With high start-up costs, employees to manage and an extensive list of rules and regulations; aspiring beauty entrepreneurs need to be as skilled in business management as they are beauty therapy.

Many salon owners get business training to enable them to effectively manage running a business and a team of staff. One way to stay on track and focused is to draw up a business plan as this will help you identify key costs, targets and a plan for the day-to-day running of the business.

You need to make sure you have the necessary skills to offer your services. It’s important to prove to clients they are in safe hands. Having a relevant qualification within the industry is important. Consider taking a range of different courses that allow you to offer services legally to clients.


You need to be aware of the legalities behind offering beauty services to clients. There are a number of different regulations you need to follow.

On top of qualifications, insurance and licences for treatments like massages, beauty treatments, saunas, sun beds, and manicures; aspiring beauticians also have to deal with a range of planning and premises regulations.

Types of business

There are a number of different business models to choose between. You will need to take professional advice and choose the one that will suit you best. Types of business include:

  • Sole trader – you will take all the profits but will also carry all the financial risk.
  • Partnership – this is a business owned by at least two people.
  • Limited company – the main advantage here is that you won’t carry all the financial risk.
  • Franchise – as a franchisee, you would pay an existing beauty business to use their established business model and operate under their name.
  • Renting a treatment space or room – this means you would be running your own business as a self-employed person from someone else’s salon premises.

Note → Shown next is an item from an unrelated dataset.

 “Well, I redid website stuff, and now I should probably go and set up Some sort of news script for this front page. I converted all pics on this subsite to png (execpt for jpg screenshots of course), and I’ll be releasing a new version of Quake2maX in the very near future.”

You must ensure your insurance covers all the treatments and services you offer. Your therapists must be properly trained and qualified for the treatments they provide, otherwise your insurance will not be valid.

Your insurance will not cover treatments you are not qualified to carry out. Find out more about insurance at ABT.

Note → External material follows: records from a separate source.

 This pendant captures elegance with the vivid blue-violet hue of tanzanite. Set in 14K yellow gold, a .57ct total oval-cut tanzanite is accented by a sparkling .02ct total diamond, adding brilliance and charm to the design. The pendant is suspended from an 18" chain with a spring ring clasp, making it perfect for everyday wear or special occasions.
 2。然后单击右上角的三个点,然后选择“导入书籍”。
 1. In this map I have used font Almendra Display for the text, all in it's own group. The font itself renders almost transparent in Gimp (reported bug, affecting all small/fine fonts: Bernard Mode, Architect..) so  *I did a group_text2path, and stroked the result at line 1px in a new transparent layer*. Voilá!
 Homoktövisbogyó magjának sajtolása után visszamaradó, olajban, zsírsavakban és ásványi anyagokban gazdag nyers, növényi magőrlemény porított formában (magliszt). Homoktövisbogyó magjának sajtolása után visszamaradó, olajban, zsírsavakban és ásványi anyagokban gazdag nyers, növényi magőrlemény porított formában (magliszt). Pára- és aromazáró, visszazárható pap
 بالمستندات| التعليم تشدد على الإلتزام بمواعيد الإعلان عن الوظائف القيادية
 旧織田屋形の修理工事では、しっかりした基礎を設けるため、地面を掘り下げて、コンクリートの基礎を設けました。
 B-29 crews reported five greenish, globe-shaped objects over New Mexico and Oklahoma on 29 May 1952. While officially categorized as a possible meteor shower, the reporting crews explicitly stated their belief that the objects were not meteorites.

Who is your target market? You need to know as this will influence your choice of location. For example – a busy town location to attract affluent professionals? A college or university location to attract students? Or a multicultural area to attract culturally diverse clients?

You’ll also need to think about the location generally, for example, are there good transport links? Is there enough parking? Is it an ‘up-and-coming’ area? What competition will you have? Are there similar businesses in the area?